[TASK ITEM]:
Retype, without changes, every line from the line that contains "活动界面清晰展示每日玩法开放" through the final line of the records. Exclude pictures.

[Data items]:
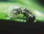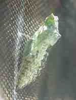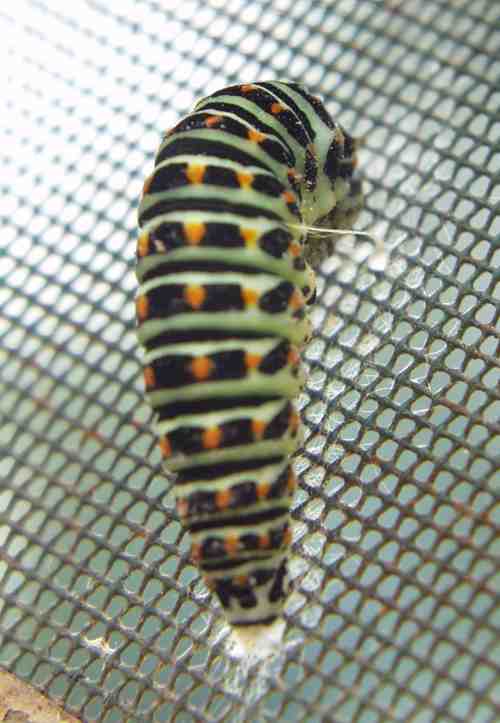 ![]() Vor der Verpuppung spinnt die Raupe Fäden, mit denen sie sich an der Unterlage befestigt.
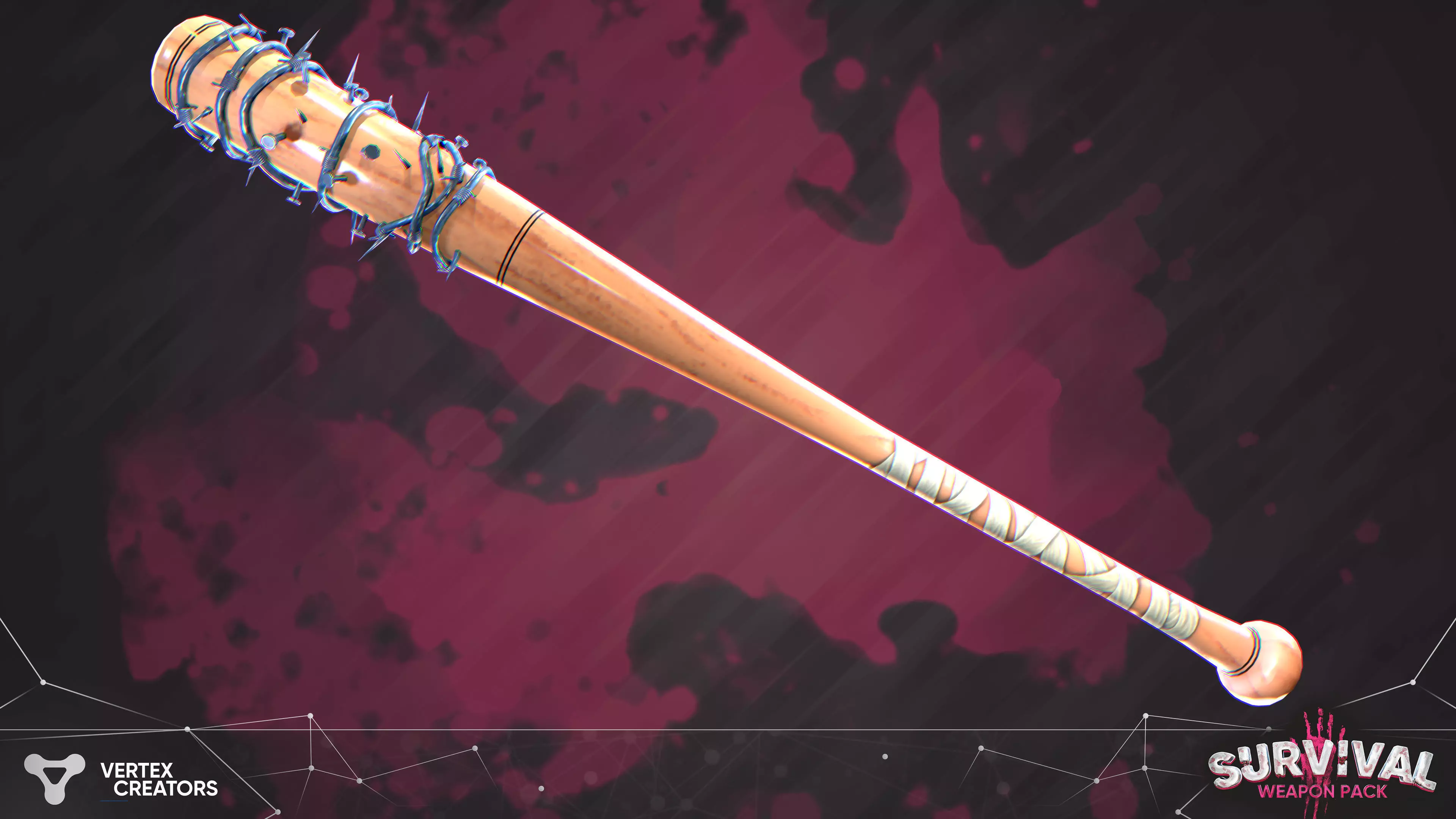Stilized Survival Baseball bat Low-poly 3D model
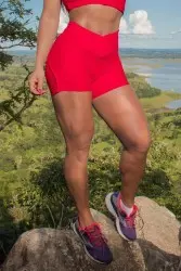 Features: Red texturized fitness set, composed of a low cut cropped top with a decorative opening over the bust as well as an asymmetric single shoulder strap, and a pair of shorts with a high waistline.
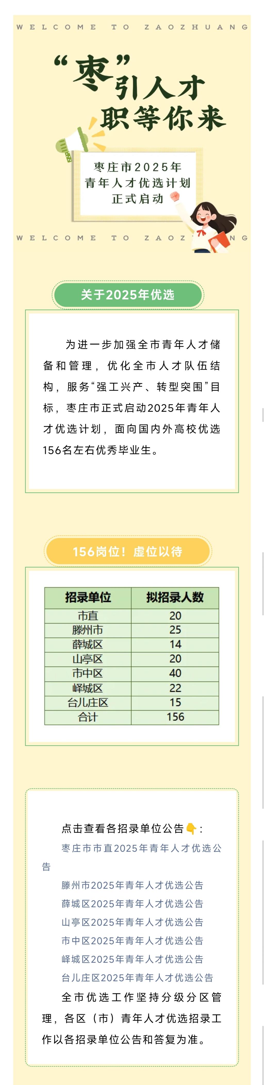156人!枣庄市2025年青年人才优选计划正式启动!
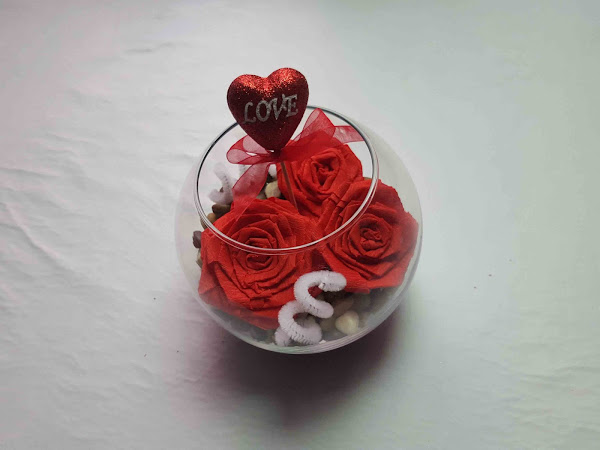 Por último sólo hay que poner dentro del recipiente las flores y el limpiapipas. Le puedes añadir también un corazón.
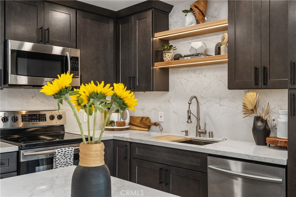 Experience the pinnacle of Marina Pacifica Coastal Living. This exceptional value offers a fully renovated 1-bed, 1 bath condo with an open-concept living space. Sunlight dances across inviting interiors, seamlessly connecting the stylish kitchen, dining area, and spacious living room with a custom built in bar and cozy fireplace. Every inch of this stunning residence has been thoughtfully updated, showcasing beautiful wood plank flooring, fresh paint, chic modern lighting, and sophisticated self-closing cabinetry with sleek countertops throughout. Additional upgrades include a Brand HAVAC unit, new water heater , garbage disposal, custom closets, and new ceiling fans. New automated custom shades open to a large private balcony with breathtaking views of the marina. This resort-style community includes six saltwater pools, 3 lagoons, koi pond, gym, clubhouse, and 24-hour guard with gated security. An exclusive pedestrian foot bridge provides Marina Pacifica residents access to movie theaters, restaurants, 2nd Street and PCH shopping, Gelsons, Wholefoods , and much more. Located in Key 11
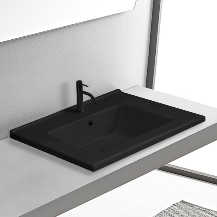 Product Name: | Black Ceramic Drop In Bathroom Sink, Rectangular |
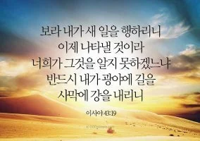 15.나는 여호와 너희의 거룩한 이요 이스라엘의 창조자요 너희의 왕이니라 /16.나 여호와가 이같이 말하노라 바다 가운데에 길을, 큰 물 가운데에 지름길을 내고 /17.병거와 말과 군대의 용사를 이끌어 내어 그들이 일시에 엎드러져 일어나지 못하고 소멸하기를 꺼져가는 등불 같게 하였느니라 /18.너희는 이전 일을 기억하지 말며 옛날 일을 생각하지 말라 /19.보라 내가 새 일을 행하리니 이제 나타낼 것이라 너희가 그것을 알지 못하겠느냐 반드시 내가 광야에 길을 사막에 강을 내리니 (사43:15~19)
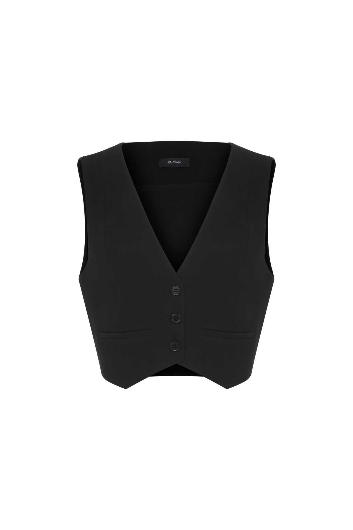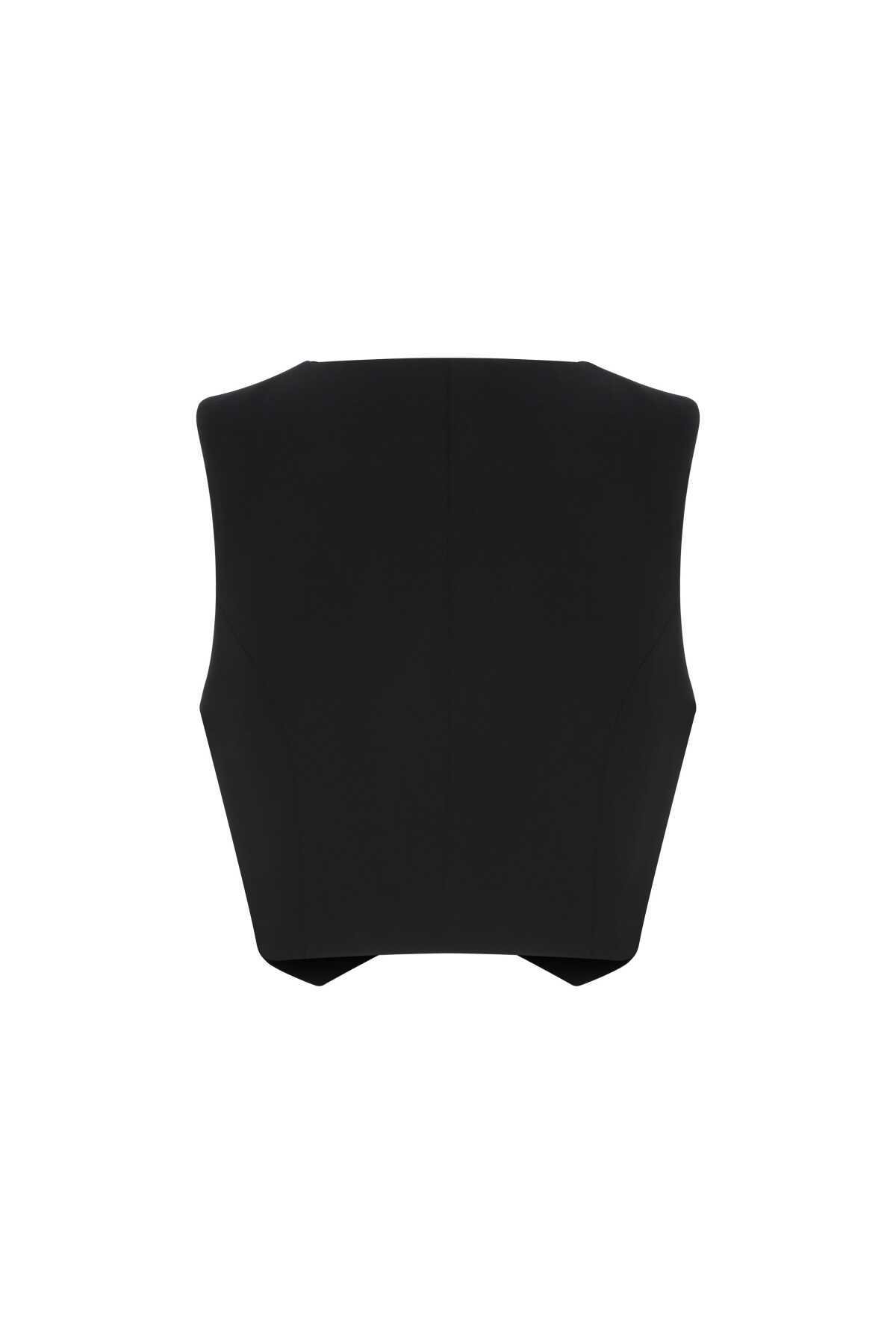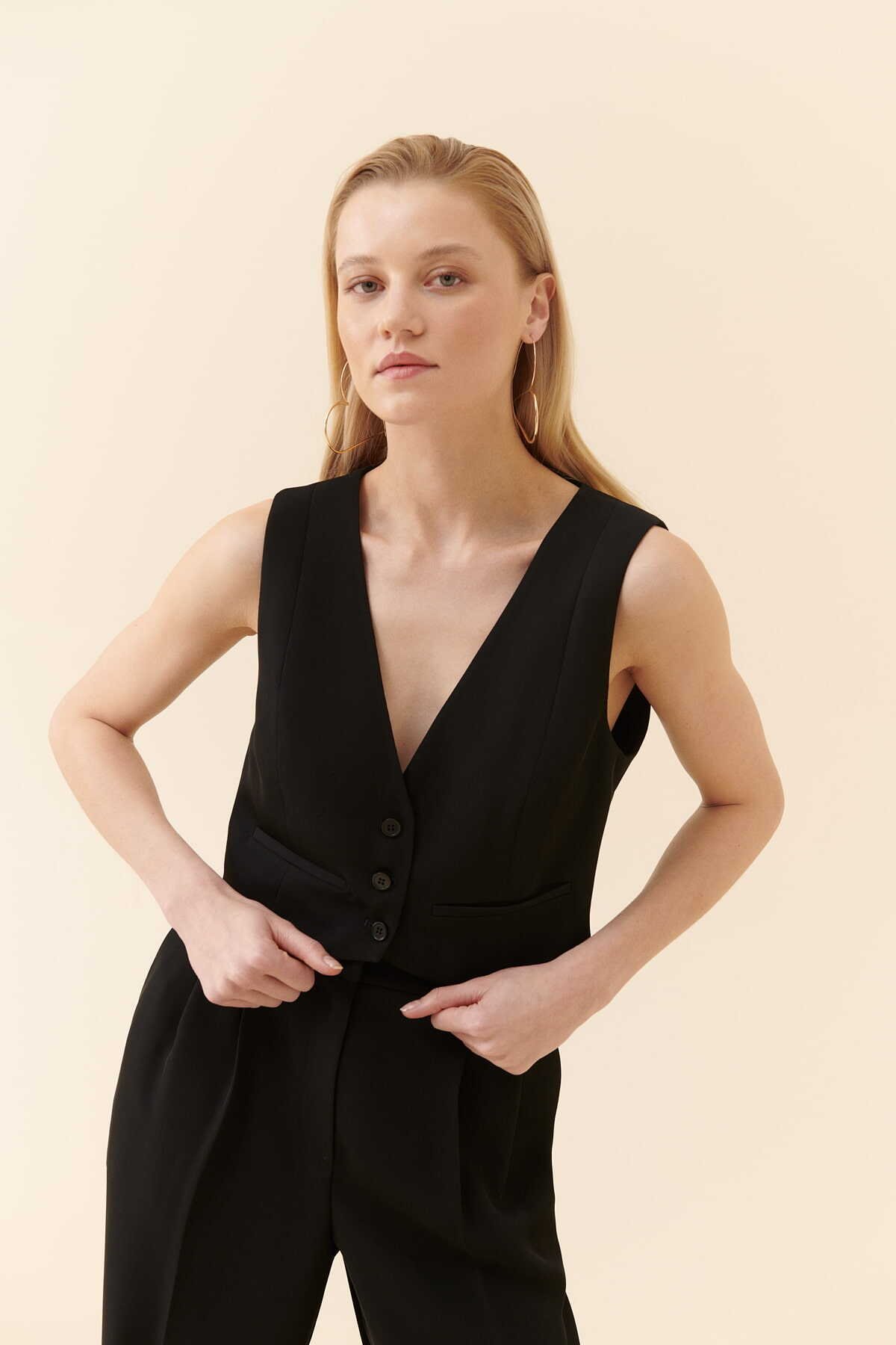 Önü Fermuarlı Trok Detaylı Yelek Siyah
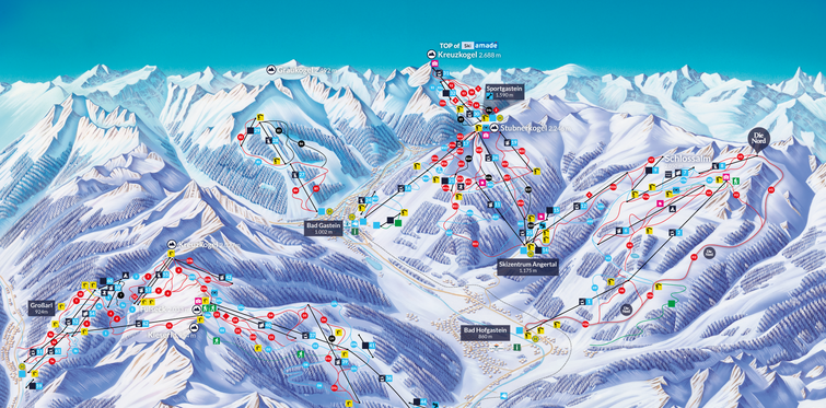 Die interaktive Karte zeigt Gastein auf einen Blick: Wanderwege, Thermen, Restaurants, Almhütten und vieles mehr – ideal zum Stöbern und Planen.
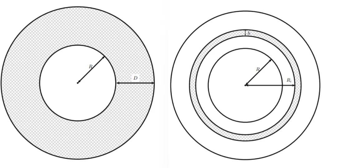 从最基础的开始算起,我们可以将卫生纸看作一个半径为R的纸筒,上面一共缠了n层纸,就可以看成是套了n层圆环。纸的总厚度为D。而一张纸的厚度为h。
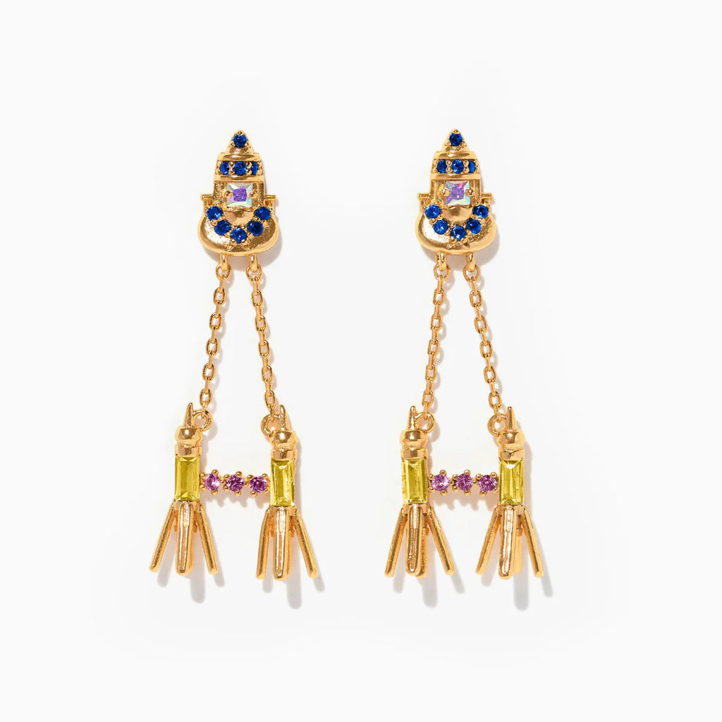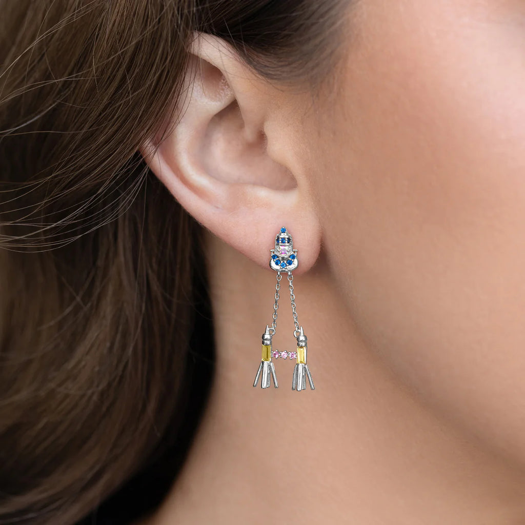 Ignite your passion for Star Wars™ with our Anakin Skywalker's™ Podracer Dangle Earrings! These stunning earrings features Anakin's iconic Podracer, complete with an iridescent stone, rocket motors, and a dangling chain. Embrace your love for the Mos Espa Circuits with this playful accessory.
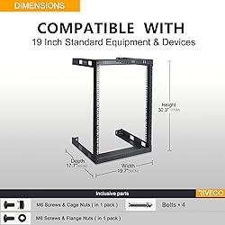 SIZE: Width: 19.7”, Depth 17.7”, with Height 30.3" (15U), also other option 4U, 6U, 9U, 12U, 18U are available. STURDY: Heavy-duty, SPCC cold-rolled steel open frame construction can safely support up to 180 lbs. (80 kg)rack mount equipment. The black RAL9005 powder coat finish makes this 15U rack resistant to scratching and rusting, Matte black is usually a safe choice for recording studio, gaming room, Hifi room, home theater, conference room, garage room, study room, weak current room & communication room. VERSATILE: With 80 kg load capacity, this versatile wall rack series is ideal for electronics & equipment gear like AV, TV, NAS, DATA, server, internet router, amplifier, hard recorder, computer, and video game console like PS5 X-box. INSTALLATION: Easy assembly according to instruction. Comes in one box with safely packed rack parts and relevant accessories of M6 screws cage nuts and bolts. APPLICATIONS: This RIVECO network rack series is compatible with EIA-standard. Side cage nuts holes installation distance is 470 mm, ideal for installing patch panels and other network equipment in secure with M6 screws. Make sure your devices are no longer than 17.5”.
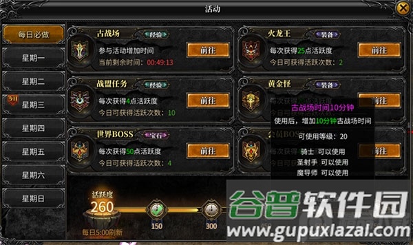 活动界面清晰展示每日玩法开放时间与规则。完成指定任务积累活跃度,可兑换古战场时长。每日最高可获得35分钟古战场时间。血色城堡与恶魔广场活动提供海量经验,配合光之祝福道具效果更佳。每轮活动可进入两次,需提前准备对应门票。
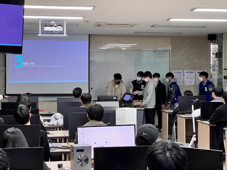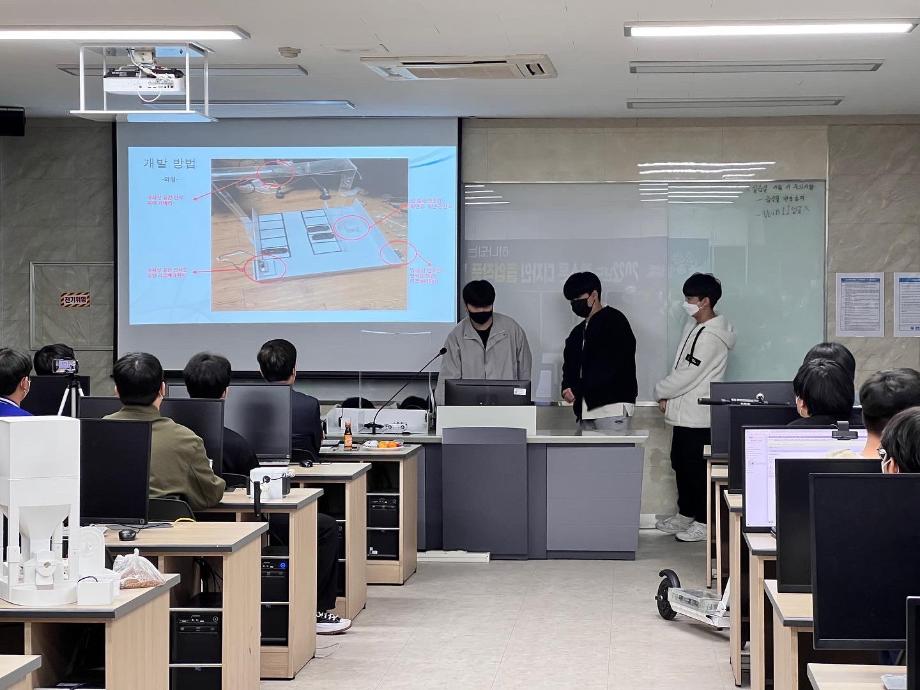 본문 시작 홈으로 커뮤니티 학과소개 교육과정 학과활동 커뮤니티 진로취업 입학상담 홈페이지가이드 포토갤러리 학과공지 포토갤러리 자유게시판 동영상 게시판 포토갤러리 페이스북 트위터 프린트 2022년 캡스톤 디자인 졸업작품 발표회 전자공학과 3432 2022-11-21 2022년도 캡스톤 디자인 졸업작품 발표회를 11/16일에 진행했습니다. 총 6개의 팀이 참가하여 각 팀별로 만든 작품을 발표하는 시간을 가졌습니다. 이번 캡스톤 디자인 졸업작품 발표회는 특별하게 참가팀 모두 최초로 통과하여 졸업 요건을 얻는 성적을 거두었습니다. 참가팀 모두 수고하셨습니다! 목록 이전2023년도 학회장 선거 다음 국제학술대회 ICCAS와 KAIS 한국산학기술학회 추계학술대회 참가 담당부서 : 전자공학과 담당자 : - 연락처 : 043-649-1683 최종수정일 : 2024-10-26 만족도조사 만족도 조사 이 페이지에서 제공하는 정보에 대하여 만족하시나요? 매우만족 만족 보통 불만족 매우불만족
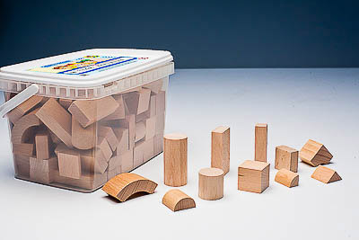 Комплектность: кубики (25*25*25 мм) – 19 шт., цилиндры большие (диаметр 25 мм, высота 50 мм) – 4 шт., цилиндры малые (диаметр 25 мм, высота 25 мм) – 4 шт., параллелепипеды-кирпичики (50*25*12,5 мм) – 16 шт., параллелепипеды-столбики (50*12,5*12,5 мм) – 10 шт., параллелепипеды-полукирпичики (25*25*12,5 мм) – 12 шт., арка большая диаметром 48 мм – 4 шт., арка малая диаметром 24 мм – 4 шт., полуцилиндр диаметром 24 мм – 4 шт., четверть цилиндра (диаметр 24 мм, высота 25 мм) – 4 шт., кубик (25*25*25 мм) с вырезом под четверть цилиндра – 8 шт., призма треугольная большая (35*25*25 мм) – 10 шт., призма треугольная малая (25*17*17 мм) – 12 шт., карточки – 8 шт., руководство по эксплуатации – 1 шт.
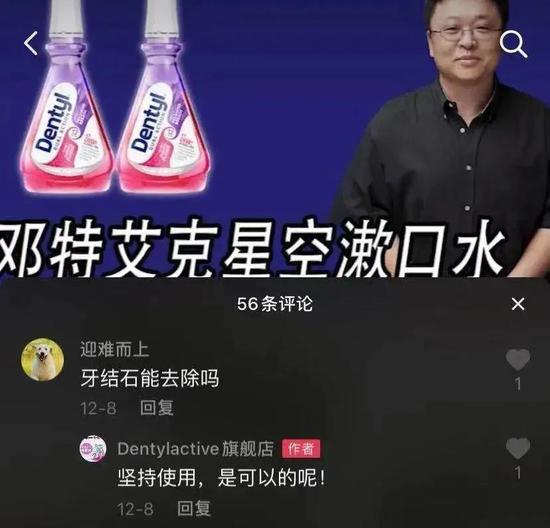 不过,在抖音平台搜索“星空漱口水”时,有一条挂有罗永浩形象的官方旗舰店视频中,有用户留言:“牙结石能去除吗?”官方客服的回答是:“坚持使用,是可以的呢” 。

[COMPLETED EXERCISE]:
 活动界面清晰展示每日玩法开放时间与规则。完成指定任务积累活跃度,可兑换古战场时长。每日最高可获得35分钟古战场时间。血色城堡与恶魔广场活动提供海量经验,配合光之祝福道具效果更佳。每轮活动可进入两次,需提前准备对应门票。
 본문 시작 홈으로 커뮤니티 학과소개 교육과정 학과활동 커뮤니티 진로취업 입학상담 홈페이지가이드 포토갤러리 학과공지 포토갤러리 자유게시판 동영상 게시판 포토갤러리 페이스북 트위터 프린트 2022년 캡스톤 디자인 졸업작품 발표회 전자공학과 3432 2022-11-21 2022년도 캡스톤 디자인 졸업작품 발표회를 11/16일에 진행했습니다. 총 6개의 팀이 참가하여 각 팀별로 만든 작품을 발표하는 시간을 가졌습니다. 이번 캡스톤 디자인 졸업작품 발표회는 특별하게 참가팀 모두 최초로 통과하여 졸업 요건을 얻는 성적을 거두었습니다. 참가팀 모두 수고하셨습니다! 목록 이전2023년도 학회장 선거 다음 국제학술대회 ICCAS와 KAIS 한국산학기술학회 추계학술대회 참가 담당부서 : 전자공학과 담당자 : - 연락처 : 043-649-1683 최종수정일 : 2024-10-26 만족도조사 만족도 조사 이 페이지에서 제공하는 정보에 대하여 만족하시나요? 매우만족 만족 보통 불만족 매우불만족
 Комплектность: кубики (25*25*25 мм) – 19 шт., цилиндры большие (диаметр 25 мм, высота 50 мм) – 4 шт., цилиндры малые (диаметр 25 мм, высота 25 мм) – 4 шт., параллелепипеды-кирпичики (50*25*12,5 мм) – 16 шт., параллелепипеды-столбики (50*12,5*12,5 мм) – 10 шт., параллелепипеды-полукирпичики (25*25*12,5 мм) – 12 шт., арка большая диаметром 48 мм – 4 шт., арка малая диаметром 24 мм – 4 шт., полуцилиндр диаметром 24 мм – 4 шт., четверть цилиндра (диаметр 24 мм, высота 25 мм) – 4 шт., кубик (25*25*25 мм) с вырезом под четверть цилиндра – 8 шт., призма треугольная большая (35*25*25 мм) – 10 шт., призма треугольная малая (25*17*17 мм) – 12 шт., карточки – 8 шт., руководство по эксплуатации – 1 шт.
 不过,在抖音平台搜索“星空漱口水”时,有一条挂有罗永浩形象的官方旗舰店视频中,有用户留言:“牙结石能去除吗?”官方客服的回答是:“坚持使用,是可以的呢” 。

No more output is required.